- EXTRACTED RECORDS -
##########

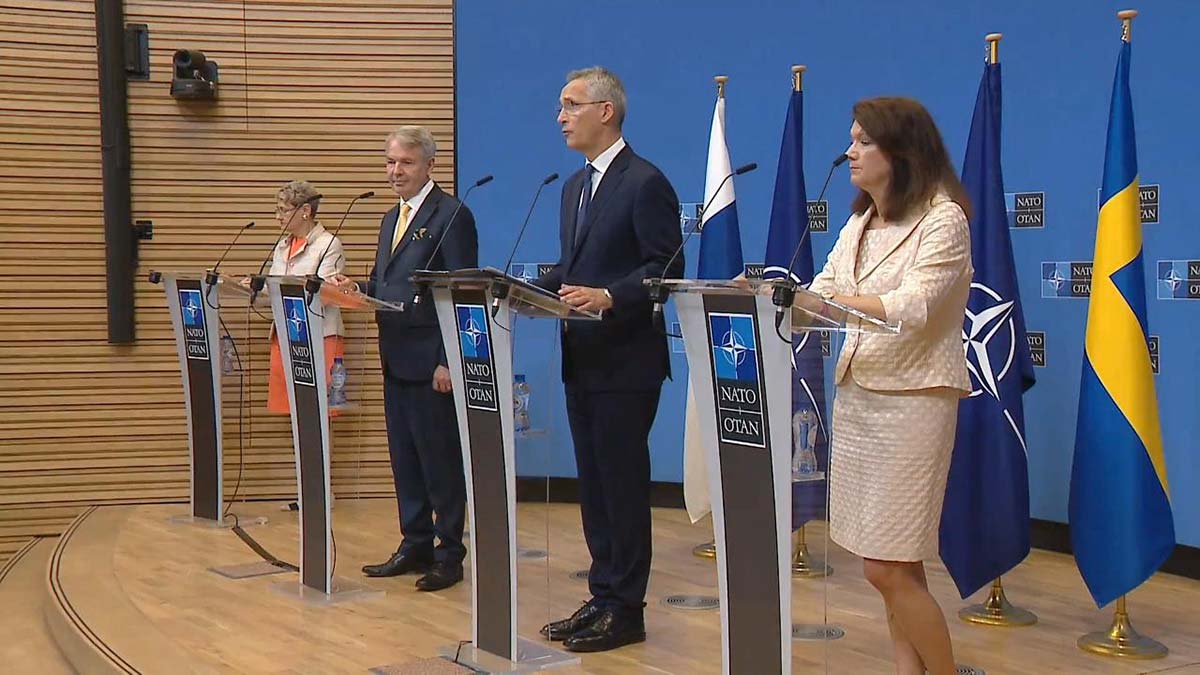 NATO Finlandiya ve İsveç’in katılım sürecini Finlandiya ve İsveç için Katılım Protokolleri ile NATO Karargahında başlattı. Jens Stoltenberg, Dışişleri Bakanları Linde ve Haavisto ortak basın toplantısı düzenledi.
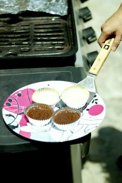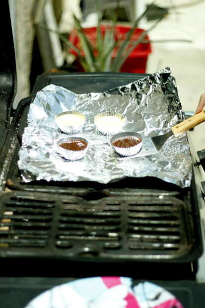 He precalentado sólo un lado de la parrilla y colocar los cupcakes en el otro lado por lo que los fondos no conseguir quemados.
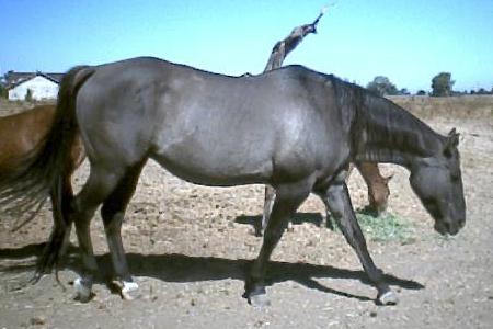 This 1989 Grullo Mare is a daughter of the grullo AQHA stallion Miracle Moon, ROM Race with SI 102, and a sire of AQHA ROM Race, top roping winners, and ABRA World Champions. She is out of the Black AQHA mare Barbaretta Go (ROM Race SI88).
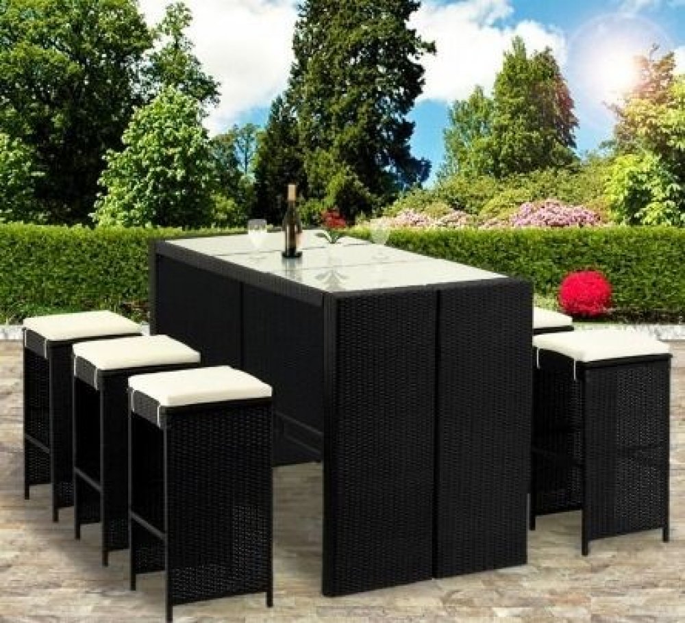 Bar set se skládá z velkého stolu 185cm, vč. Skleněných desek a 6 barových stoliček s polštáři a stupátka z hliníku.
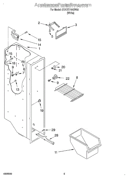 This factory screw secures appliance components to their mounting points. Replace missing, worn, or stripped hardware to restore a tight fit, proper alignment, and quieter operation across the affected assembly.
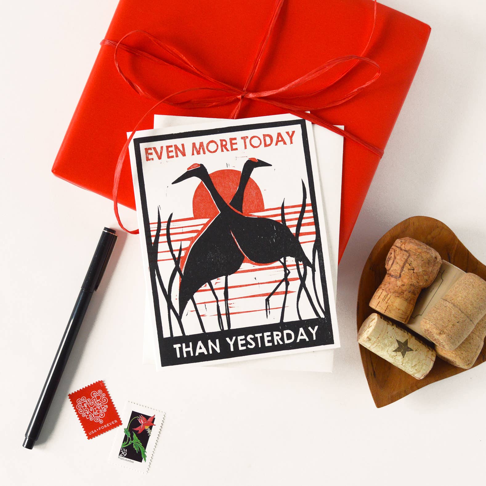 Letterpress, 100% post-consumer recycled paper, A2. Blank inside, cello sleeve with envelope.
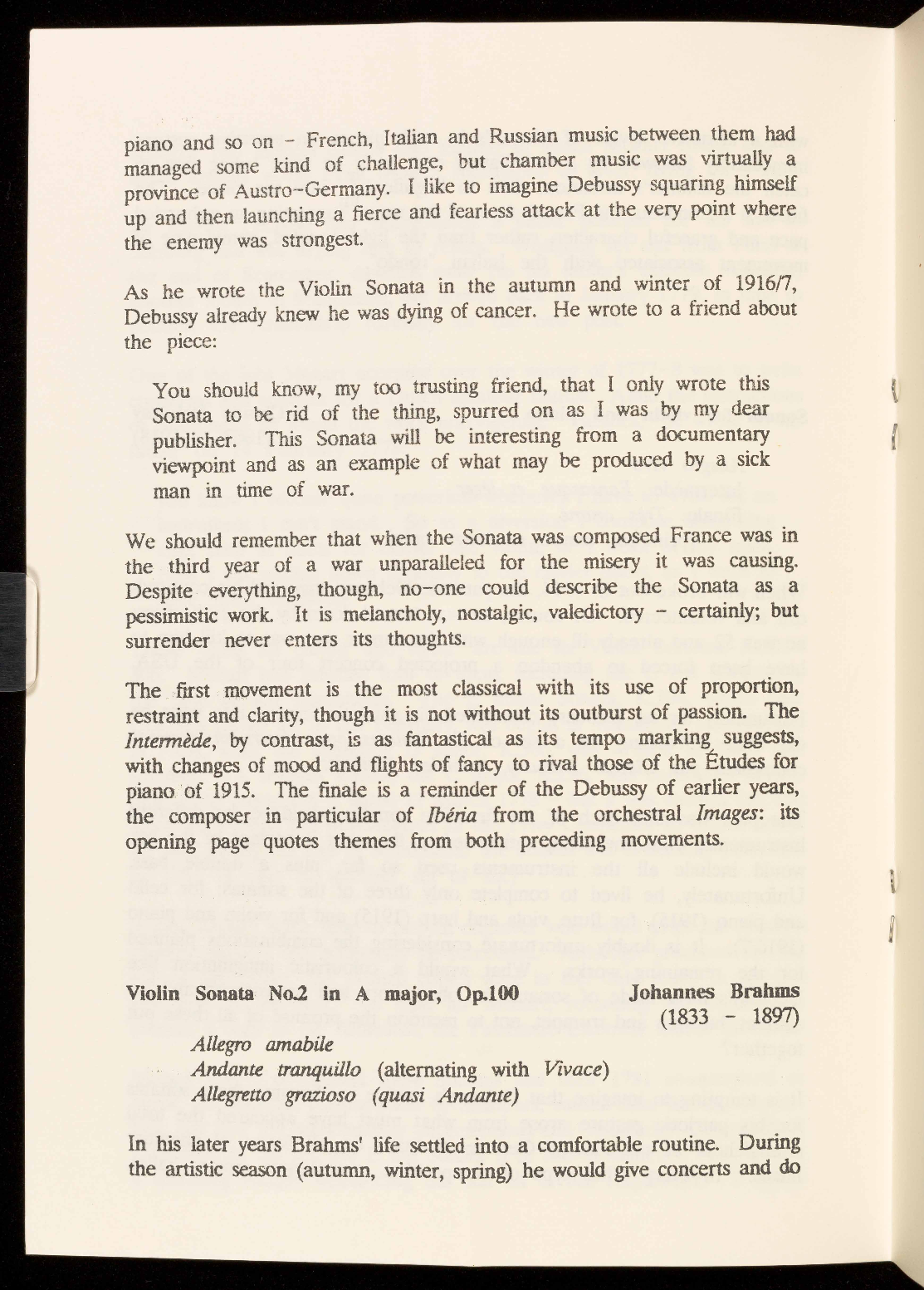 The Violin Sonata was composed in the same year as the Brahms A major,
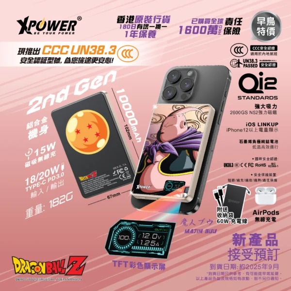 搶先評價 “(3C版)XPower x 龍珠Z MagDigita² 彩屏顯示鋁合金外殼 10000mAh PD3.0+QI2磁吸移動電源 (布歐)” 取消回覆
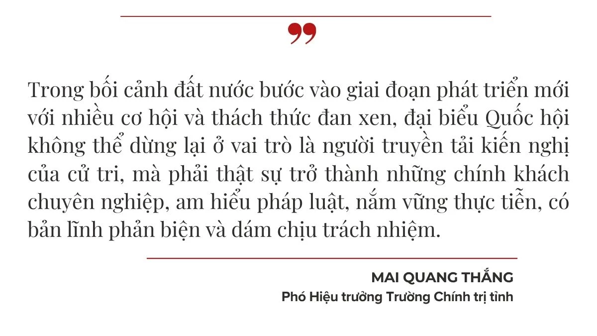 Điều này đòi hỏi mỗi đại biểu cần phải nâng cao bản lĩnh, đạo đức và năng lực đại biểu dân cử để họ thực sự là người đại diện xứng đáng cho ý chí và nguyện vọng của Nhân dân; khơi dậy và củng cố niềm tin của Nhân dân vào Đảng, vào Quốc hội, HĐND các cấp, nơi quyền lực phải luôn gắn liền với trách nhiệm, minh bạch và sự giám sát của chính những người trao quyền đó là Nhân dân.
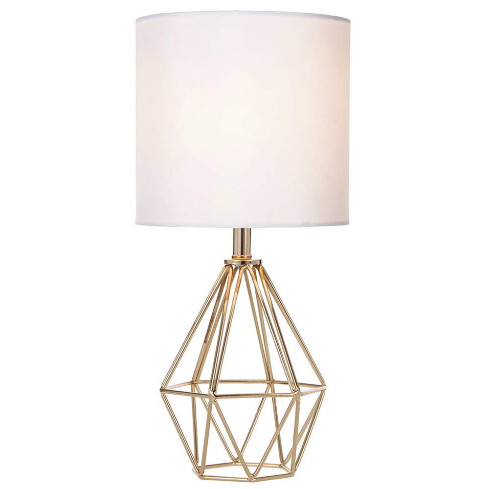Stunning Aesthetic: Featuring a modern gold hollowed geometric base and a chic white fabric lampshade, this lamp adds a touch of sophistication and romance to any setting.
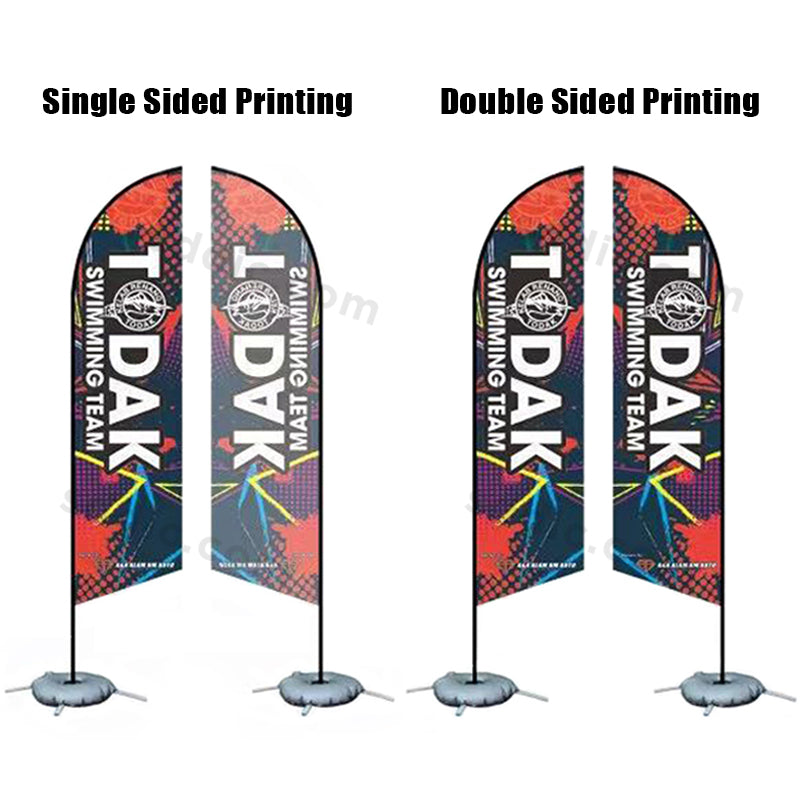 Our custom feather flags are made of 110g knitted polyester fabric for unmatched durability and vibrant appeal. This fabric is durable and has waterproof and UV resistant properties, protecting it from sun damage and harsh weather conditions. Its strong wind resistance and high elasticity prevent tearing and deformation, even in challenging environments, ensuring it remains in pristine condition over time.

##########

- ASSIGNMENT -
Return an exact transcription of the entries above, excluding each image.

- EXERCISE ANSWER -
 NATO Finlandiya ve İsveç’in katılım sürecini Finlandiya ve İsveç için Katılım Protokolleri ile NATO Karargahında başlattı. Jens Stoltenberg, Dışişleri Bakanları Linde ve Haavisto ortak basın toplantısı düzenledi.
 He precalentado sólo un lado de la parrilla y colocar los cupcakes en el otro lado por lo que los fondos no conseguir quemados.
 This 1989 Grullo Mare is a daughter of the grullo AQHA stallion Miracle Moon, ROM Race with SI 102, and a sire of AQHA ROM Race, top roping winners, and ABRA World Champions. She is out of the Black AQHA mare Barbaretta Go (ROM Race SI88).
 Bar set se skládá z velkého stolu 185cm, vč. Skleněných desek a 6 barových stoliček s polštáři a stupátka z hliníku.
 This factory screw secures appliance components to their mounting points. Replace missing, worn, or stripped hardware to restore a tight fit, proper alignment, and quieter operation across the affected assembly.
 Letterpress, 100% post-consumer recycled paper, A2. Blank inside, cello sleeve with envelope.
 The Violin Sonata was composed in the same year as the Brahms A major,
 搶先評價 “(3C版)XPower x 龍珠Z MagDigita² 彩屏顯示鋁合金外殼 10000mAh PD3.0+QI2磁吸移動電源 (布歐)” 取消回覆
 Điều này đòi hỏi mỗi đại biểu cần phải nâng cao bản lĩnh, đạo đức và năng lực đại biểu dân cử để họ thực sự là người đại diện xứng đáng cho ý chí và nguyện vọng của Nhân dân; khơi dậy và củng cố niềm tin của Nhân dân vào Đảng, vào Quốc hội, HĐND các cấp, nơi quyền lực phải luôn gắn liền với trách nhiệm, minh bạch và sự giám sát của chính những người trao quyền đó là Nhân dân.
Stunning Aesthetic: Featuring a modern gold hollowed geometric base and a chic white fabric lampshade, this lamp adds a touch of sophistication and romance to any setting.
 Our custom feather flags are made of 110g knitted polyester fabric for unmatched durability and vibrant appeal. This fabric is durable and has waterproof and UV resistant properties, protecting it from sun damage and harsh weather conditions. Its strong wind resistance and high elasticity prevent tearing and deformation, even in challenging environments, ensuring it remains in pristine condition over time.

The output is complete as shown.